The above embodiments are preferred embodiments of the present invention, but the present invention is not limited to the above embodiments, and any other changes, modifications, substitutions, combinations, simplifications, etc., which are made without departing from the spirit and principle of the present invention, should be regarded as being equivalent to the replacement of the above embodiments, and are included in the scope of the present invention.

Claims

1. A method for coproducing medium-chain fatty acid and biogas from wood fiber raw materials is characterized by comprising the following steps:

(1) mixing the crushed wood fiber raw material with an alkaline solution in a solid-to-liquid ratio of 1: 10-1: 40, setting the temperature to be 30-80 ℃, carrying out pretreatment for 12-48 hours, and carrying out solid-liquid separation on the pretreated mixture to obtain a hydrolysate and solid residues respectively;

2. The method for coproducing medium-chain fatty acid and biogas from lignocellulosic raw materials as claimed in claim 1, wherein the alkaline solution in the step (1) contains 2-8% by mass of alkaline substances, and the alkaline substances are selected from one or more of sodium hydroxide, calcium hydroxide, potassium hydroxide and ammonia water.
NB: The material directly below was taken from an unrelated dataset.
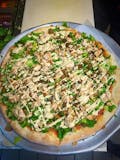Traditional crust topped with romaine lettuce, grated cheese, grilled chicken and our tangy Caesar dressing.

3. The method for coproducing medium-chain fatty acid and biogas from a wood fiber raw material as recited in claim 1, wherein the ethanol or lactic acid is added in an amount of 1.5-3 g per 100g of fermentation broth in step (2), the time interval between the addition of ethanol or lactic acid is 8-20 days, and the number of addition is 2-4.

4. The method for co-producing medium-chain fatty acid and biogas from a lignocellulosic feedstock as claimed in claim 1, wherein the anaerobically digested sludge in step (2) is a fermentation broth obtained from a normally operated anaerobic fermentation process or a fermentation broth after the gas is produced from the anaerobic fermentation in step (3).

5. The method for co-producing medium-chain fatty acid and biogas as defined in claim 1 or 2, wherein the medium-chain fatty acid in step (2) is hexanoic acid or octanoic acid.

6. The method for co-producing medium-chain fatty acid and biogas from lignocellulosic raw material according to claim 1 or 2, wherein the solid-to-liquid ratio of the solid residue to the fermentation broth after extraction in step (3) is 0.03-0.15 g/m L.

7. The method for co-producing medium-chain fatty acids and biogas from lignocellulosic feedstocks according to claim 1 or 2, wherein the biomass is crop straw or energy grass.